Performing copy with following command:

Path('dx://dxProject:/a/1.txt').copy('dx://anotherDxProject/b.txt')

Will yield the resulting structure to be:

anotherDxProject/
- b.txt/
- - 1.txt

If the source file and destination belong to the same project, the files are moved instead of copied, if the raise_if_same_project flag is False; because the same underlying file cannot appear in two locations in the same project.

If the final destination for the file already is an existing file, that file is deleted before the file is copied.

Parameters
  • dest (Path|str) – The destination file or directory.

  • raise_if_same_project (bool, default False) – Controls moving file within project instead of cloning. If True, raises an error to prevent this move. Only takes effect when both source and destination are within the same DX Project

Raises
  • DNAnexusError – When copying within same project with raise_if_same_project=False

  • NotFoundError – When the source file path doesn’t exist

copytree(dest, raise_if_same_project=False, **kwargs)[source]
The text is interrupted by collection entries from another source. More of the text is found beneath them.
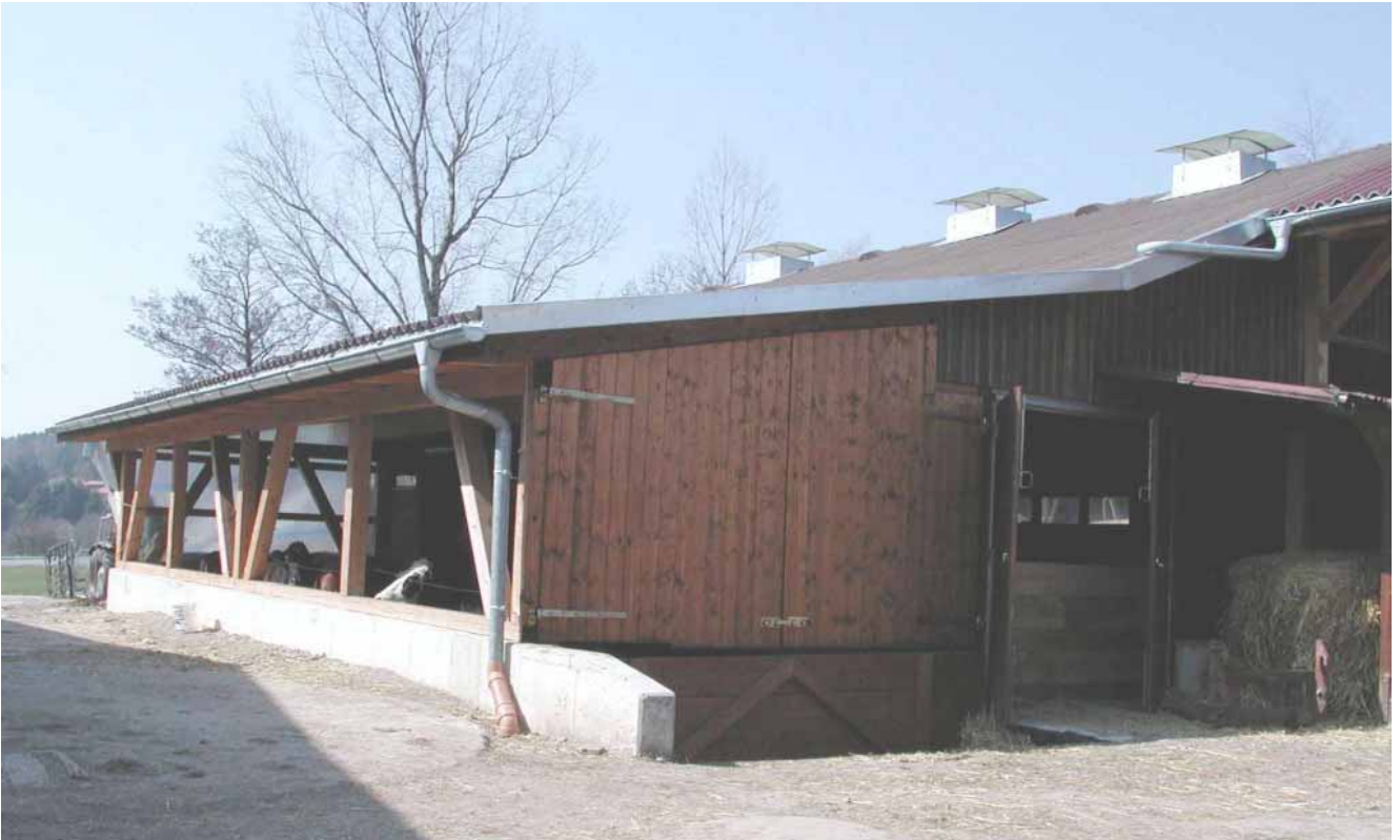
Bild 2: Anbau einer eingestreuten Liegefläche an einen ehemaligen Vollspaltenstall durch Dachanschleppung. Mit Hilfe einer Rampe kann mit Frontlader entmistet werden.
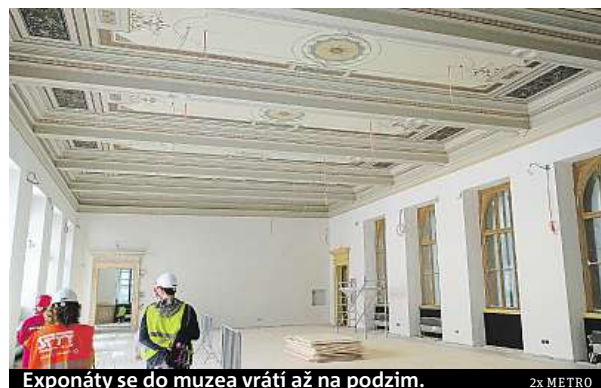
Exponáty se do muzea vrátí až na podzim.

Není bez zajímavosti, že původní technické zařízení Národního muzea prošlo předtím, než skončilo ve sběru
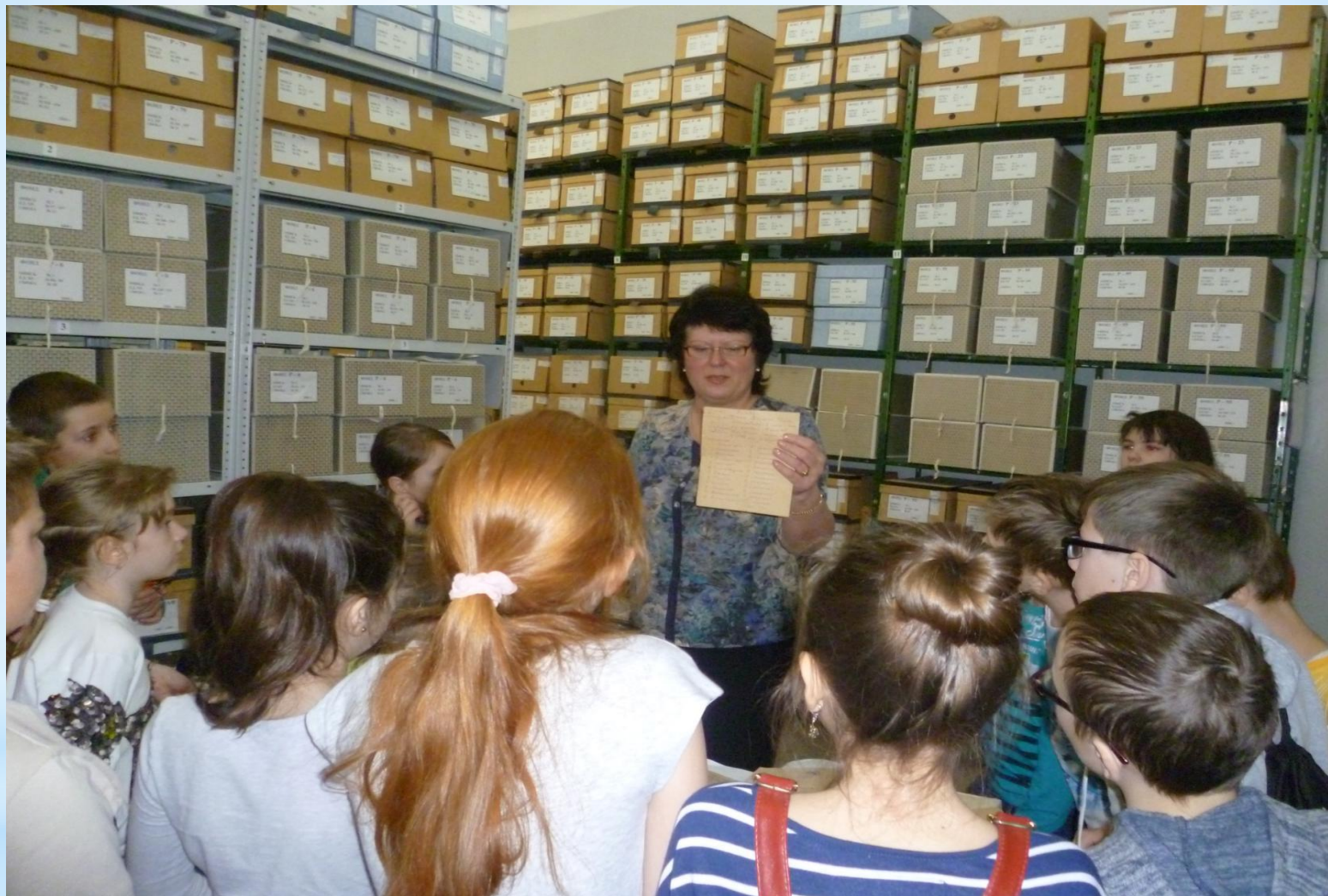
Школьный урок посвящен 100-летию юбилею архивов России.

Copies a source directory to a destination directory. This is not an atomic operation.

If the destination path already exists as a directory, the source tree including the root folder is copied over as a subfolder of the destination.

If the source and destination directories belong to the same project, the tree is moved instead of copied. Also, in such cases, the root folder of the project cannot be the source path. Please listdir the root folder and copy/copytree individual items if needed.

For example, assume the following file hierarchy:

project1/
- b/
- - 1.txt

project2/

Doing a copytree from project1:/b/ to a new dx destination of project2:/c is performed with:

Path('dx://project1:/b').copytree('dx://project2:/c')

The end result for project2 looks like:

project2/
- c/
- - 1.txt

If the destination path directory already exists, the folder is copied as a subfolder of the destination. If this new destination also exists, a TargetExistsError is raised.

If the source is a root folder, and is cloned to an existing destination directory or if the destination is also a root folder, the tree is moved under project name.

Refer to dx docs for detailed information.

Parameters
  • dest (Path|str) – The directory to copy to. Must not exist if its a posix directory

  • raise_if_same_project (bool, default False) – Allows moving files within project instead of cloning. If True, raises an error to prevent moving the directory. Only takes effect when both source and destination directory are within the same DX Project

Raises
  • DNAnexusError – Attempt to clone within same project and raise_if_same_project=True

  • TargetExistsError – All possible destinations for source directory already exist

  • NotFoundError – source directory path doesn’t exist

dirname()[source]

Returns directory name of path. Returns self if path is a project.

To avoid making API calls, canonical paths will return the project ID

download(dest, **kwargs)[source]

Download a directory.

Parameters

dest (Path) – The output directory

Raises

NotFoundError – When source or dest path is not a directory

download_object(dest, **kwargs)[source]

Download a single path or object to file.

Parameters

dest (Path) – The output file

Raises

NotFoundError – When source path is not an existing file

download_objects(dest, objects)[source]

Downloads a list of objects to a destination folder.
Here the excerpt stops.